BEGIN
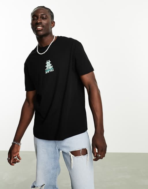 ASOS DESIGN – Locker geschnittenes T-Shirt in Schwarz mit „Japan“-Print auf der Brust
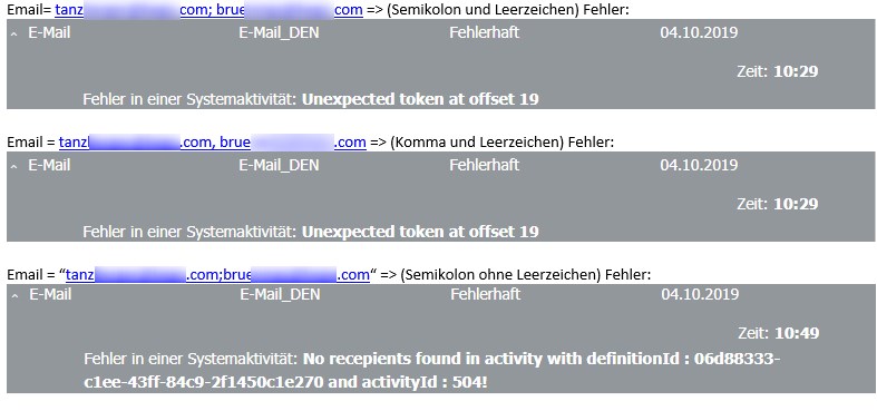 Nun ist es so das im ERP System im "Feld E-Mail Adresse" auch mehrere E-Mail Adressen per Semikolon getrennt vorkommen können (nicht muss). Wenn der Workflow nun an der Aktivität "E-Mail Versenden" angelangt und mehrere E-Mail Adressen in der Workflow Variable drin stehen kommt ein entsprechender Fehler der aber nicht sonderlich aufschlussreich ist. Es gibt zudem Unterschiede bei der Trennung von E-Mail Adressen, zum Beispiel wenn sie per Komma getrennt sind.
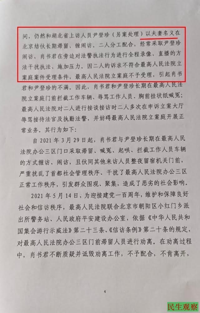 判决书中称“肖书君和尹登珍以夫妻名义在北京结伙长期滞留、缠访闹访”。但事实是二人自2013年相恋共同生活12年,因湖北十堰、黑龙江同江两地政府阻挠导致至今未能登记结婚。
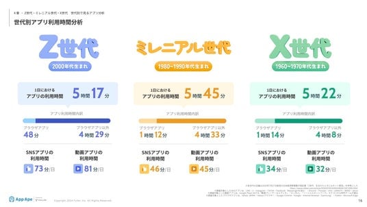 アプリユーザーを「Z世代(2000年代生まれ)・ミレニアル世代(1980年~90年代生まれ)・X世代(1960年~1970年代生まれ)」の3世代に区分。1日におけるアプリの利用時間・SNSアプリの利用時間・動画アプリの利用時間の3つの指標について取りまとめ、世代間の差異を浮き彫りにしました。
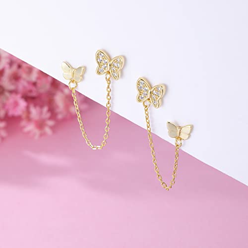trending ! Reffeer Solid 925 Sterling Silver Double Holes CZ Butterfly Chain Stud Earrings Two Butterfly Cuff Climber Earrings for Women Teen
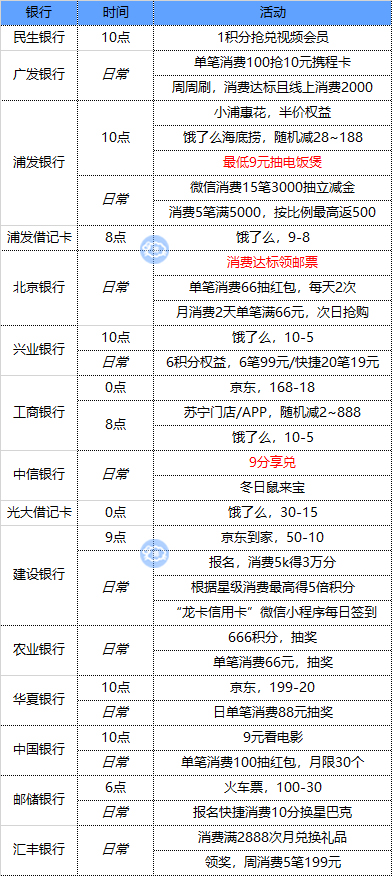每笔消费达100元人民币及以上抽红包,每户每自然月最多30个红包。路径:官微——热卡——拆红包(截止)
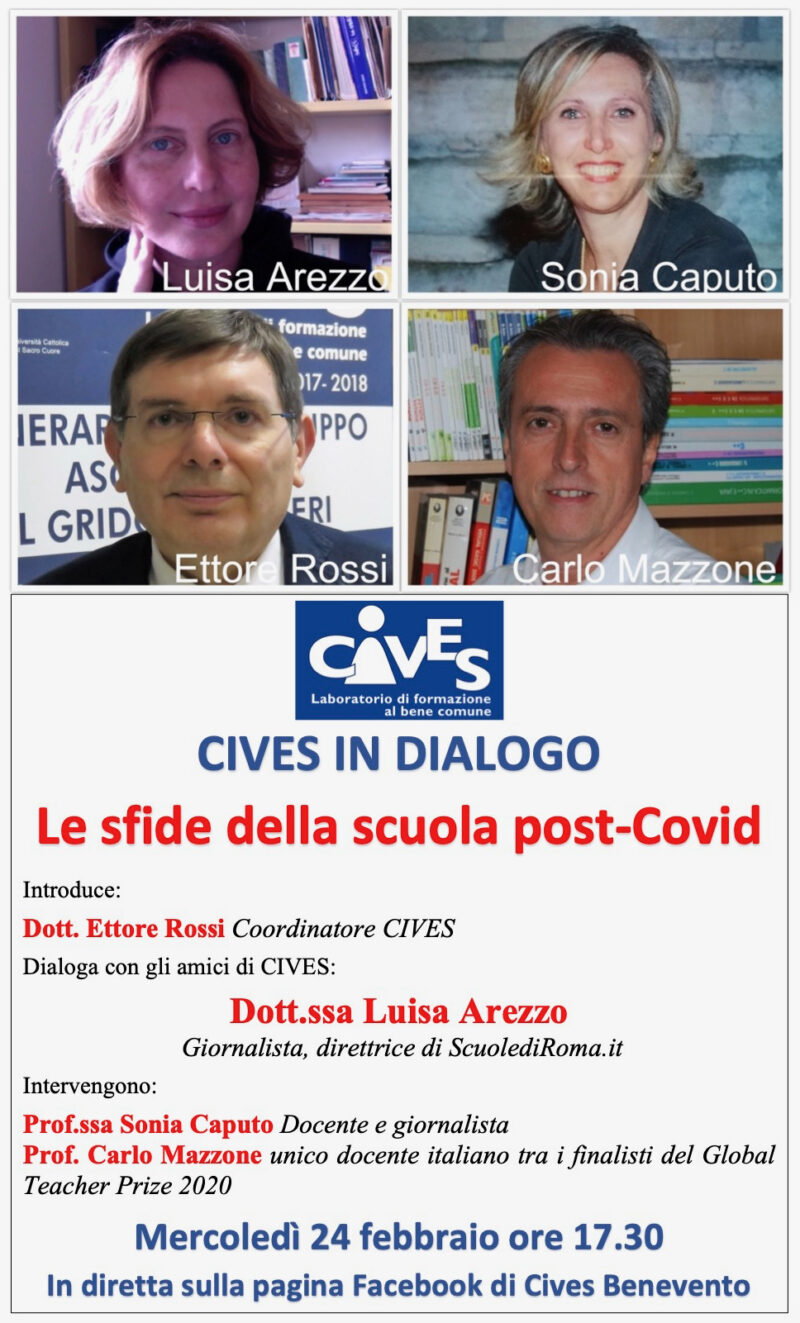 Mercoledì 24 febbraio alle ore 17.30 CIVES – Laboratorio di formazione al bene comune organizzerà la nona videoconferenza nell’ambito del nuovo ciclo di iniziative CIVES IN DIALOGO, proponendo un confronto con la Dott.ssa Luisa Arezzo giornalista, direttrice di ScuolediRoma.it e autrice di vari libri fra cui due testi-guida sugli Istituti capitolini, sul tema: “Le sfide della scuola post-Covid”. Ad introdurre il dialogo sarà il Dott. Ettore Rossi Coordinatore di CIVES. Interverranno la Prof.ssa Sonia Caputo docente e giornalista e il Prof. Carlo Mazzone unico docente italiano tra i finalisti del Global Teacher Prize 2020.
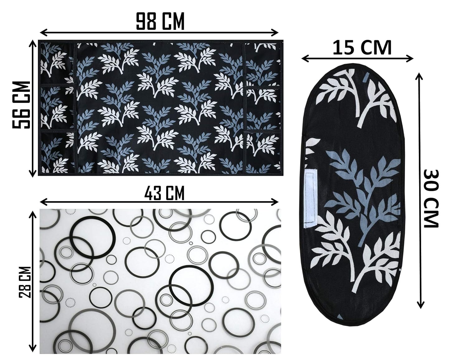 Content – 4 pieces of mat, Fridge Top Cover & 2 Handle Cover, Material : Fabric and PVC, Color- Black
END
WHAT IS BEING ASKED:
Quote the preceding records in their entirety, excluding every picture.

ANSWER SPACE:
 ASOS DESIGN – Locker geschnittenes T-Shirt in Schwarz mit „Japan“-Print auf der Brust
 Nun ist es so das im ERP System im "Feld E-Mail Adresse" auch mehrere E-Mail Adressen per Semikolon getrennt vorkommen können (nicht muss). Wenn der Workflow nun an der Aktivität "E-Mail Versenden" angelangt und mehrere E-Mail Adressen in der Workflow Variable drin stehen kommt ein entsprechender Fehler der aber nicht sonderlich aufschlussreich ist. Es gibt zudem Unterschiede bei der Trennung von E-Mail Adressen, zum Beispiel wenn sie per Komma getrennt sind.
 判决书中称“肖书君和尹登珍以夫妻名义在北京结伙长期滞留、缠访闹访”。但事实是二人自2013年相恋共同生活12年,因湖北十堰、黑龙江同江两地政府阻挠导致至今未能登记结婚。
 アプリユーザーを「Z世代(2000年代生まれ)・ミレニアル世代(1980年~90年代生まれ)・X世代(1960年~1970年代生まれ)」の3世代に区分。1日におけるアプリの利用時間・SNSアプリの利用時間・動画アプリの利用時間の3つの指標について取りまとめ、世代間の差異を浮き彫りにしました。
trending ! Reffeer Solid 925 Sterling Silver Double Holes CZ Butterfly Chain Stud Earrings Two Butterfly Cuff Climber Earrings for Women Teen
每笔消费达100元人民币及以上抽红包,每户每自然月最多30个红包。路径:官微——热卡——拆红包(截止)
 Mercoledì 24 febbraio alle ore 17.30 CIVES – Laboratorio di formazione al bene comune organizzerà la nona videoconferenza nell’ambito del nuovo ciclo di iniziative CIVES IN DIALOGO, proponendo un confronto con la Dott.ssa Luisa Arezzo giornalista, direttrice di ScuolediRoma.it e autrice di vari libri fra cui due testi-guida sugli Istituti capitolini, sul tema: “Le sfide della scuola post-Covid”. Ad introdurre il dialogo sarà il Dott. Ettore Rossi Coordinatore di CIVES. Interverranno la Prof.ssa Sonia Caputo docente e giornalista e il Prof. Carlo Mazzone unico docente italiano tra i finalisti del Global Teacher Prize 2020.
 Content – 4 pieces of mat, Fridge Top Cover & 2 Handle Cover, Material : Fabric and PVC, Color- Black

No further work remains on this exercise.